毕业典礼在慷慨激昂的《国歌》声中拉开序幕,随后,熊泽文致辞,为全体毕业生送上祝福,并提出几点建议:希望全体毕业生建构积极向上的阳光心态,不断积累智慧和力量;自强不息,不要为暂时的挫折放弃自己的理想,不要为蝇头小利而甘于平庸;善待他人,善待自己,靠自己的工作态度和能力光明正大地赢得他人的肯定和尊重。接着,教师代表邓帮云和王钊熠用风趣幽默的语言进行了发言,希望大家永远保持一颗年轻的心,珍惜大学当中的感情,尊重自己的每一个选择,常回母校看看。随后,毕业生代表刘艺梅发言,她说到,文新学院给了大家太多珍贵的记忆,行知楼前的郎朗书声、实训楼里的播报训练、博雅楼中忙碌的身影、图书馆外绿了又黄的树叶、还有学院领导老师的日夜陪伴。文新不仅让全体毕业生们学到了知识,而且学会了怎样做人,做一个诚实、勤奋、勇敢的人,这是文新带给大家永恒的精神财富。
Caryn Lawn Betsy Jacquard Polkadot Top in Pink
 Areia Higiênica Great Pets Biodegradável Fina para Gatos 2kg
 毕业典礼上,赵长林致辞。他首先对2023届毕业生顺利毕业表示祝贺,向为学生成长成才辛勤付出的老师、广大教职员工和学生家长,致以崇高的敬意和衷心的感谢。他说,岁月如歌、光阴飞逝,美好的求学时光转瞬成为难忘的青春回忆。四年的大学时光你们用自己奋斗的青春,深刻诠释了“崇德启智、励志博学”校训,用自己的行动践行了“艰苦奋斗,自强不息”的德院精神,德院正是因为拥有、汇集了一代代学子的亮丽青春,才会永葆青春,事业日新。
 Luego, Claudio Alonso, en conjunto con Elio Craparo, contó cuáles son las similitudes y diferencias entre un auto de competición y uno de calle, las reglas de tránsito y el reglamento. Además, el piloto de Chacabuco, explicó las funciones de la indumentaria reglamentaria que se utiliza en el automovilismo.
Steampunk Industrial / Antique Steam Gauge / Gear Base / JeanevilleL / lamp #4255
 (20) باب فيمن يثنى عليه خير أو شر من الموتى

● ● ●

Problem to solve:
Among the entries above, count every line containing the string "自强不息". Your reply must be that number alone.

Written solution:
2